На мой взгляд, самым удачным воплощением «Волшебной флейты» до Брука был фильм-опера Кеннета Браны (2006). Все предыдущие фильмы Браны поражали своей добротностью и упрощенностью (экранизация «Гамлета» в эстетике бидермаера). Но авансы, данные Лоуренсом Оливье, должны были когда-то подтвердиться. Брана создает насыщенный натуралистически инфернальный мир, перенеся место действия на поля Первой мировой войны. Персонажи входят в эту сказочную реальность вследствие воздействия газовой атаки. Весь сюжет получает логику, оправданность и яркость. «Волшебная флейта» Браны реализована исключительно языком кино, фактически вне театра.

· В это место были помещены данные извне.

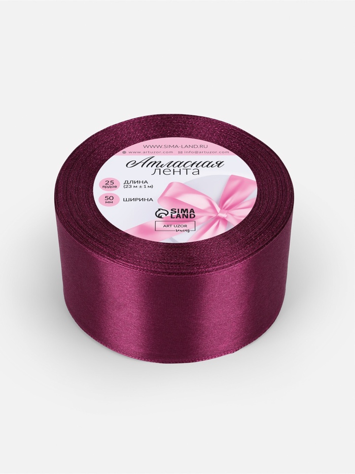 Лента атласная, 50 мм × 23 ± 1 м, цвет баклажановый №252

Брук создает чисто театральную лаконичную «Волшебную флейту».
Я бы назвал «Флейту» Брука «Черным квадратом» театра, если бы дело происходило 100 лет назад. Малевич довел живопись до предельной простоты, после которой она стала именно живописью, а не подражанием жизни. Брук создал максимально простой и бесконечный мир театра в тот момент, когда возможность спектакля мыслится только за гранью театральных средств.
Татьяна (19.11.2013 в 10:37):
Сложно – взять и написать про Брука – не впадая в старческое умиление. Потому что если так, то автоматически получается, будто отказываешь 90-летнему режиссеру в ясности мысли.
Также сложно объяснить, чем легкость 90-летнего Брука отличается от легкости какого-нибудь студента-третьекурсника, у которого примерно та же мера условности – три актера и две табуретки. Наверное тем, что за легкостью большая работа длиною в 70 лет.
Брук работает с оперой с 1949 года, в том же году в статье, предваряющей «Саломею», он высказался в том духе, что опера утратила «естественность дыхания» и надо ей его вернуть. В «Волшебной флейте» он снимает коросту громоздкого либретто слой за слоем, до прозрачности. Остается легкая как дыхание музыка. И это операция без хирургического вмешательства. Какая-то восточная медицина.
Ясные и простые образы спектакля кажутся рожденными из духа музыки. Ситуации и (минус сложная масонская символика В.-А.-М.) – архетипическими: женщина и мужчина, луна и солнце, тьма и свет, эмоции и разум. Конфликты – мнимыми. Чернокожий актер (дух театра, дух музыки) – и вот от «Волшебной флейты» тянутся нити к «Буре» и «Сну в летнюю ночь».
И, конечно, это игровой театр. Но игра, легкая, прозрачная, ироничная, не отменяет серьезности, предельной актерской концентрации. Так играют дети: легко, но с пониманием того, что игра дело серьезное и ответственное.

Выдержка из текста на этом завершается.